A question of trust: the future of Birmingham children’s social care

8 Comments 🕔25.May 2016

For several years Birmingham city council has been keen to give the impression that many of the measures imposed upon it by the Government actually flowed from the Council House.

The Kerslake Review, one of the most damning exposes of local government failure in England in the past 30 years, was all the idea of former Birmingham council leader Sir Albert Bore.

No, really, the very first page of the lengthy report explains that Sir Albert, along with the then Communities Secretary Eric Pickles, asked Bob Kerslake to conduct “an independent review of the governance and organisational capabilities of Birmingham city council with a view to making a series of recommendations for improving the efficiency and effectiveness of the city council”.

The impression given is that Albert woke up one morning and thought ‘things are pretty bad around here, so why don’t Eric and I get the head of the civil service to investigate where Birmingham is going wrong and tell us how we can do better?’

Yeah, right.
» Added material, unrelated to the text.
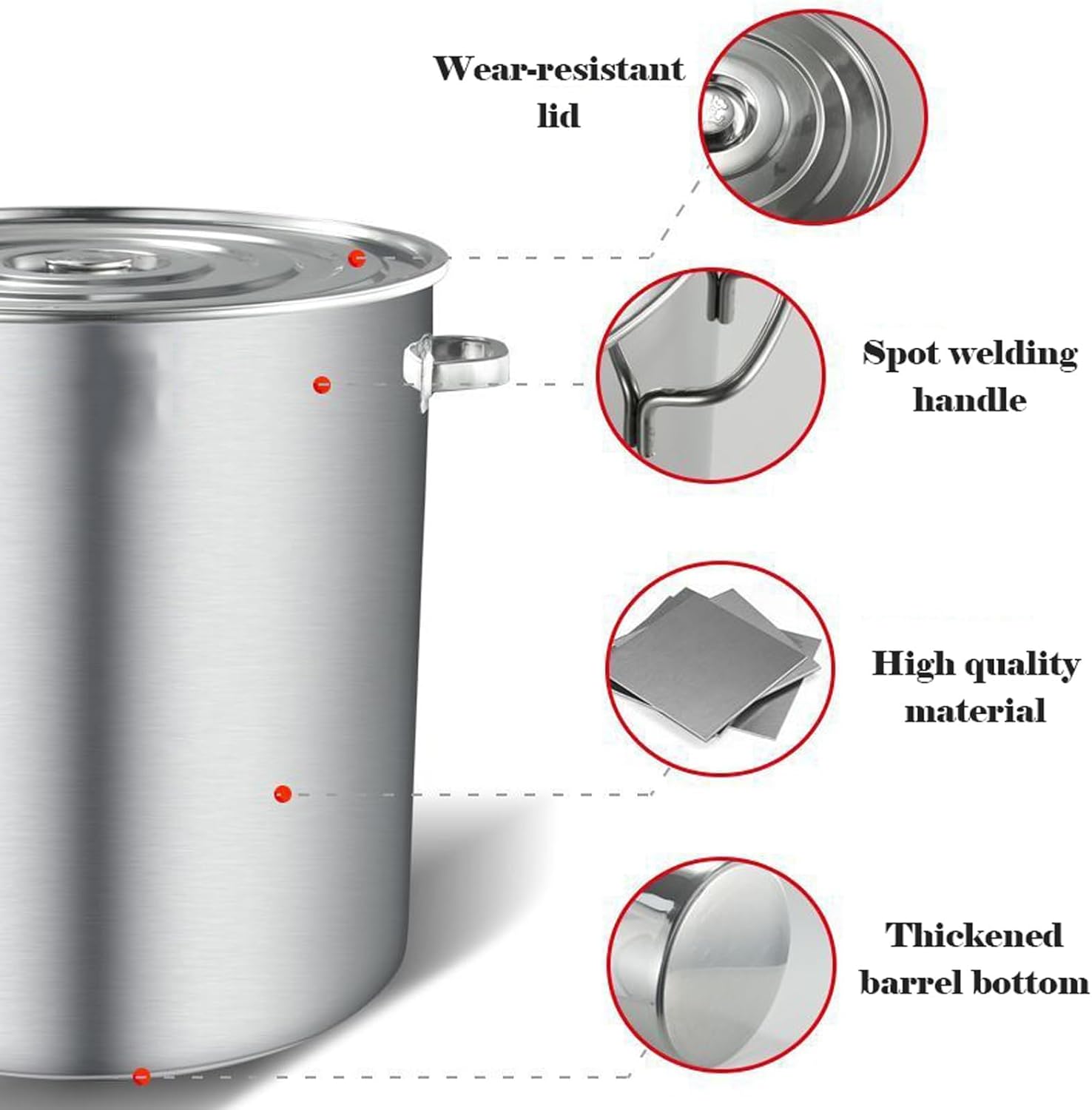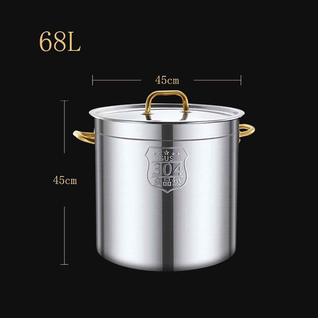Stockpots Thickened Food Grade 304 Stainless Steel Soup Bucket Soup Pot, Commercial Soup Barrel with Lid, High-Capacity, Fast Heat Conduction(45 * 45cm(68L)

And a squadron of pigs has just landed in Ladywood.

Similarly, regular Government intervention in Birmingham’s affairs has been presented as something that the council wanted to happen rather than an embarrassing imposition from Whitehall.

The commissioners sent to oversee schools and children’s services have been portrayed as critical friends sitting on the sidelines, giving a helping hand when needed, rather than what they really represent which are high-level attempts by the Government to get the city council back on course.

And that brings us to the latest in a line of ‘voluntary’ initiatives that the council is undertaking – the proposed transfer of children’s social care into a trust.

Needless to say, the council’s communications in this matter have been hopeless.

A brief press statement explained that all was going very well, or as well as could be expected in the department which has been in Government special measures for eight years and continues to be haunted by the appalling deaths of ‘children known to social services’, and the trust was something that had been discussed “for some time” with the Department for Education.

Further details would be released in due course. Nothing to see here, move along.

It emerged the council had been wrong-footed by a leak to the media, thought to come from Downing Street no less. Goodness me, a Tory Government leaking a controversial proposal to the press about a Labour-run city denigrated by the Ofsted chief inspector as the worst place in the developed world to bring up children. Whoever saw that one coming? Not Birmingham, obviously.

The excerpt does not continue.